» **PROMPT**
Would you return exactly the lines below from the line with "a restaurant counter" through the line with "Mobileye 2023 年现金流增长情况(来源:美国证券交易委员会,单位以百万计)", both included, and nothing else, leaving out the pictures?

» **SOURCE DATA**

────

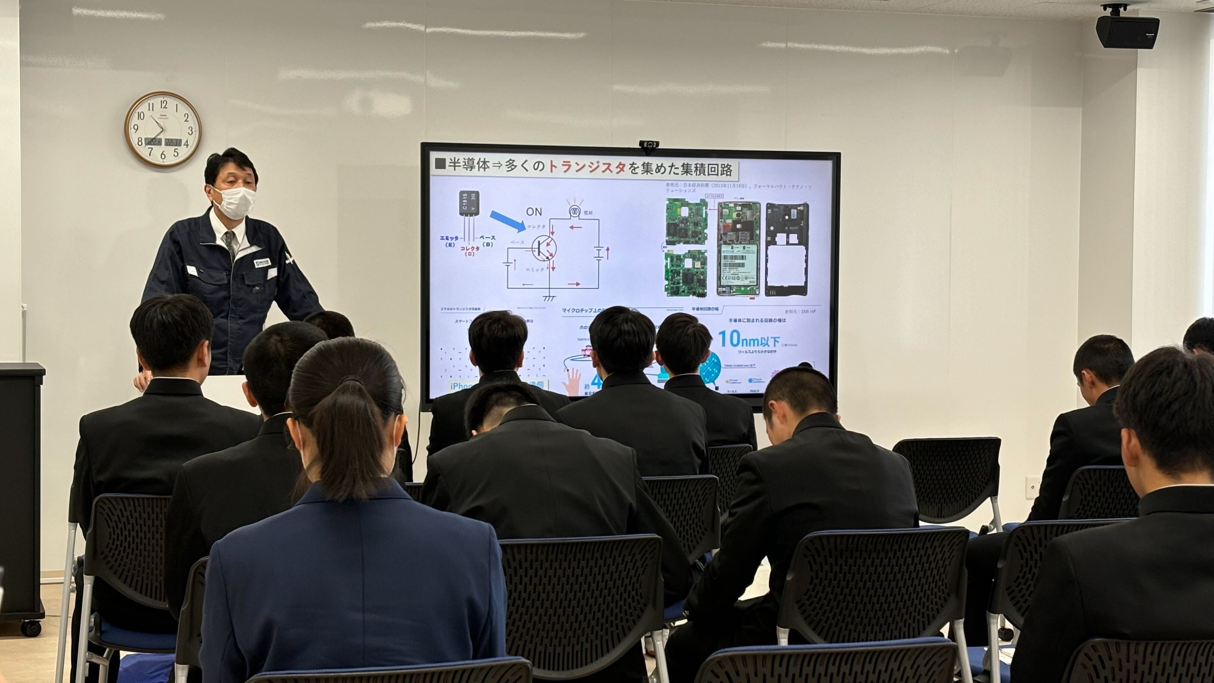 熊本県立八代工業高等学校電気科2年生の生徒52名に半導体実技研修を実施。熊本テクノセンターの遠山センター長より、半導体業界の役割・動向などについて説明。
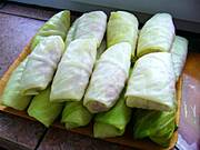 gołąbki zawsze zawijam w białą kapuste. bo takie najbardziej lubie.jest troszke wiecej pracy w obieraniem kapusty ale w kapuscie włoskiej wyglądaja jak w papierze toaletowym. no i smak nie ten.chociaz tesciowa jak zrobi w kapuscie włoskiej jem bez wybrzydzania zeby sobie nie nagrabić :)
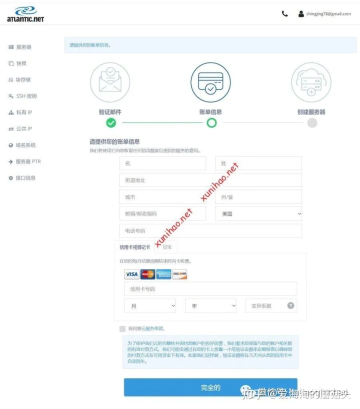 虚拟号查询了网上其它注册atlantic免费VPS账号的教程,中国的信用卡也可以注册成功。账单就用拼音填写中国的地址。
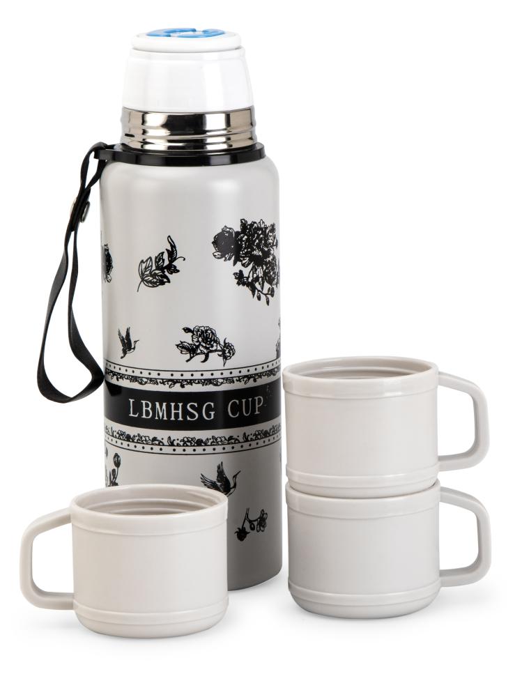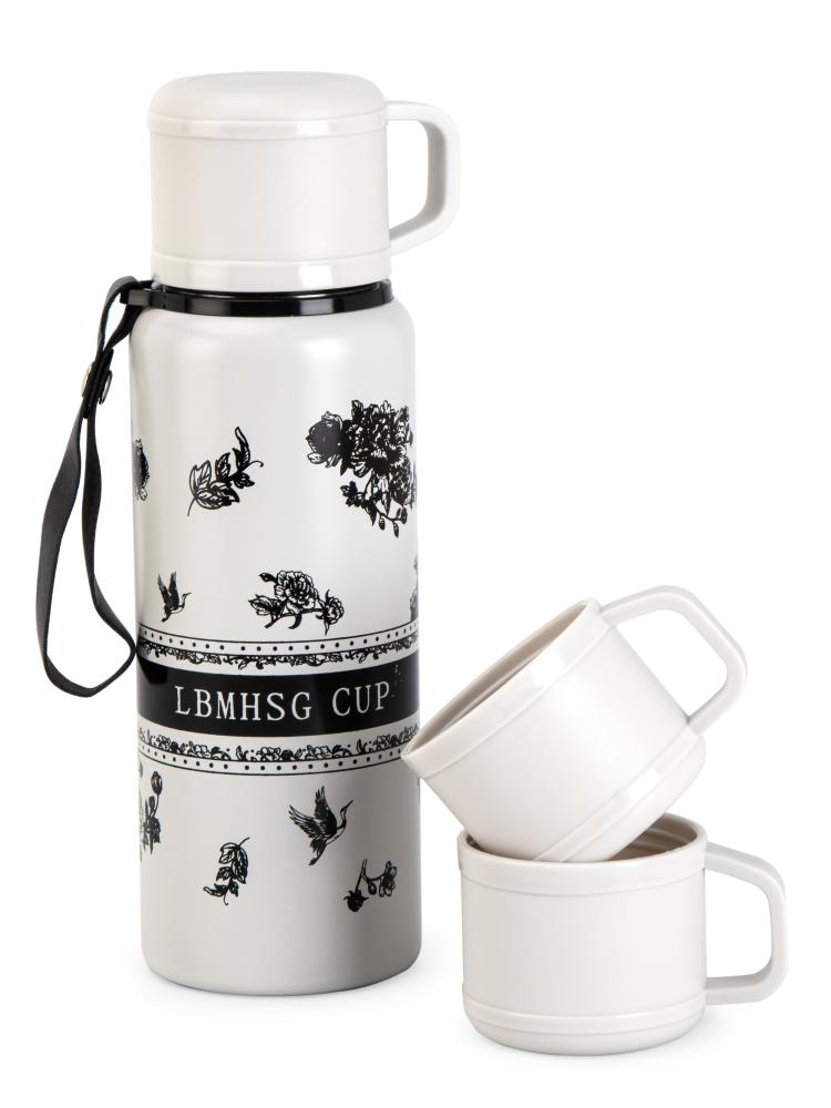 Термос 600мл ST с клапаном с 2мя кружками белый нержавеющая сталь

────

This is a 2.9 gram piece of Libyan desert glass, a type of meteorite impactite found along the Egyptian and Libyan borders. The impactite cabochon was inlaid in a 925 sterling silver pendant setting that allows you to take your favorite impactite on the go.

────

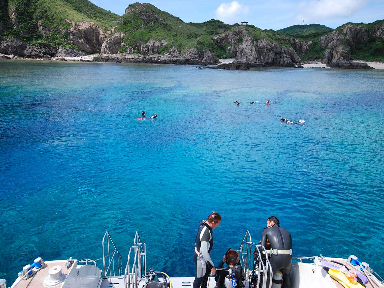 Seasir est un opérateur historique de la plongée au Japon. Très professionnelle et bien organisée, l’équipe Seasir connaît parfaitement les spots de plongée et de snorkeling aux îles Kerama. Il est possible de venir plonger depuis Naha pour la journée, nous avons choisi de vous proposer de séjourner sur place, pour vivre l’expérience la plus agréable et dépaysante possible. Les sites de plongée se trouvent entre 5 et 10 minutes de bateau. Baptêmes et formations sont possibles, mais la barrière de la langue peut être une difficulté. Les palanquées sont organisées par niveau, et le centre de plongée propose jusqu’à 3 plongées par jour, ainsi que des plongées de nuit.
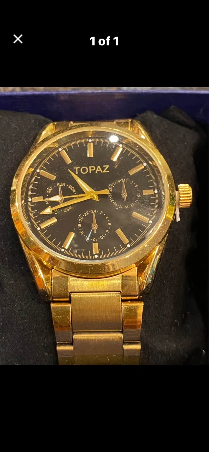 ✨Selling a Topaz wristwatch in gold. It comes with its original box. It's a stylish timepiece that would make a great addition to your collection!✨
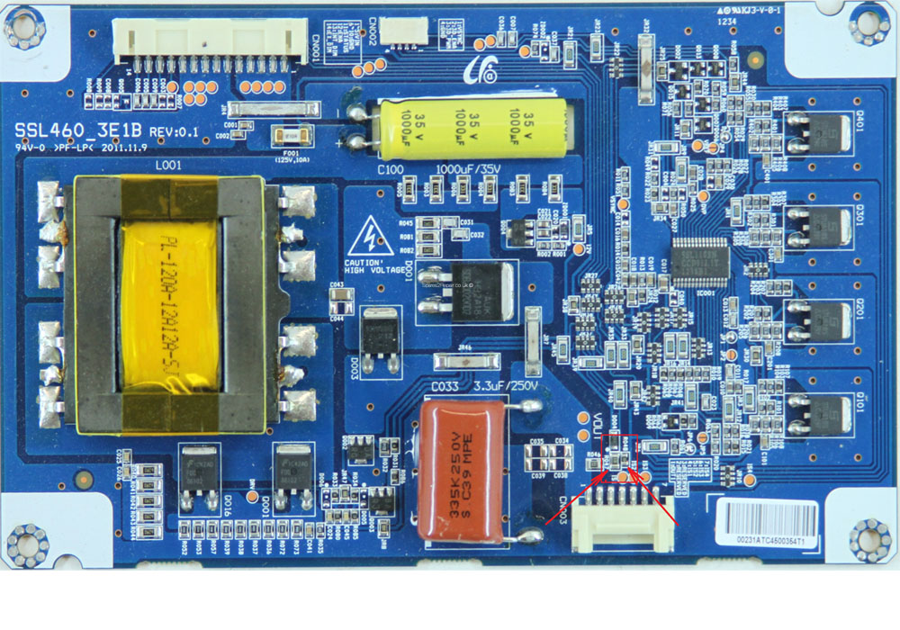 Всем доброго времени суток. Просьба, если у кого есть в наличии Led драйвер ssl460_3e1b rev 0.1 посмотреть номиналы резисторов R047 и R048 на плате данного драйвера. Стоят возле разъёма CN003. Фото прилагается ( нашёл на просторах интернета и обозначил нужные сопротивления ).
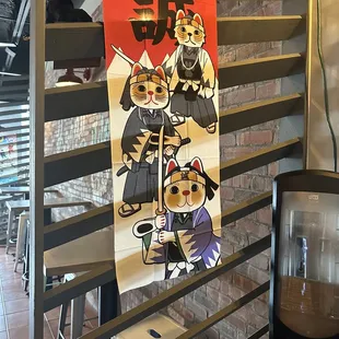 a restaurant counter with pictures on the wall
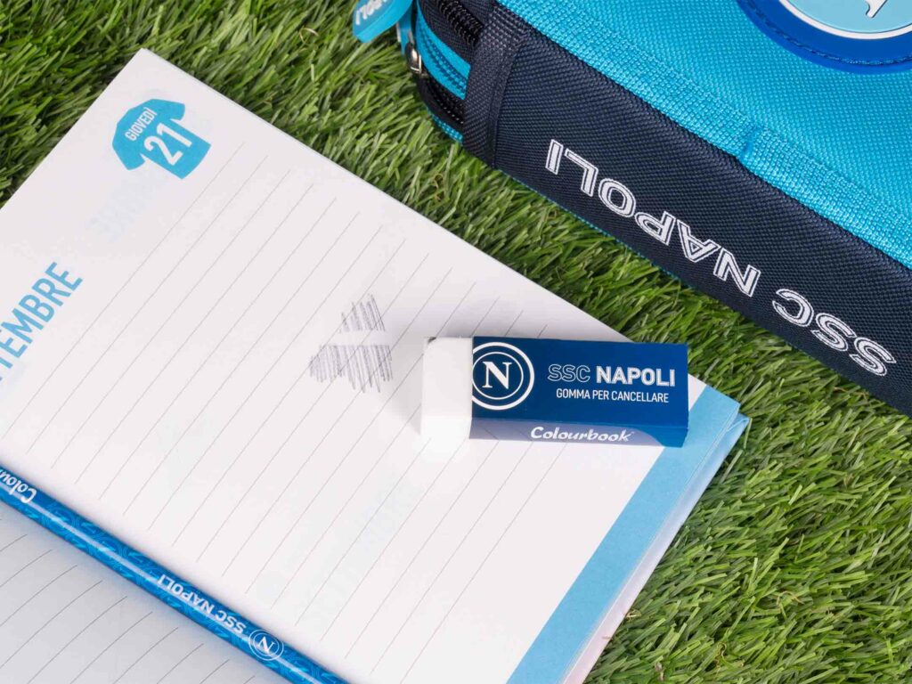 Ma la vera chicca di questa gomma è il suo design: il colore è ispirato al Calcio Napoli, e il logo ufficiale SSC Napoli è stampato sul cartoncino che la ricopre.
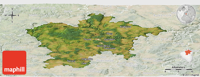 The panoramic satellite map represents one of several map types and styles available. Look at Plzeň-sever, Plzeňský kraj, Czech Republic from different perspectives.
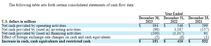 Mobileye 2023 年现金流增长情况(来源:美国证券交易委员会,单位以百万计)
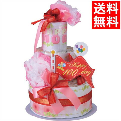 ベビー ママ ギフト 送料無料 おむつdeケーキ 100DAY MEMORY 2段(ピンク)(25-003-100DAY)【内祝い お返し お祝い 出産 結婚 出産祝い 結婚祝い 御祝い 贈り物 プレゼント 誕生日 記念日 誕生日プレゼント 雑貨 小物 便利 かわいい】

────

» **SOLUTION TO THIS PROBLEM**
 a restaurant counter with pictures on the wall
 Ma la vera chicca di questa gomma è il suo design: il colore è ispirato al Calcio Napoli, e il logo ufficiale SSC Napoli è stampato sul cartoncino che la ricopre.
 The panoramic satellite map represents one of several map types and styles available. Look at Plzeň-sever, Plzeňský kraj, Czech Republic from different perspectives.
 Mobileye 2023 年现金流增长情况(来源:美国证券交易委员会,单位以百万计)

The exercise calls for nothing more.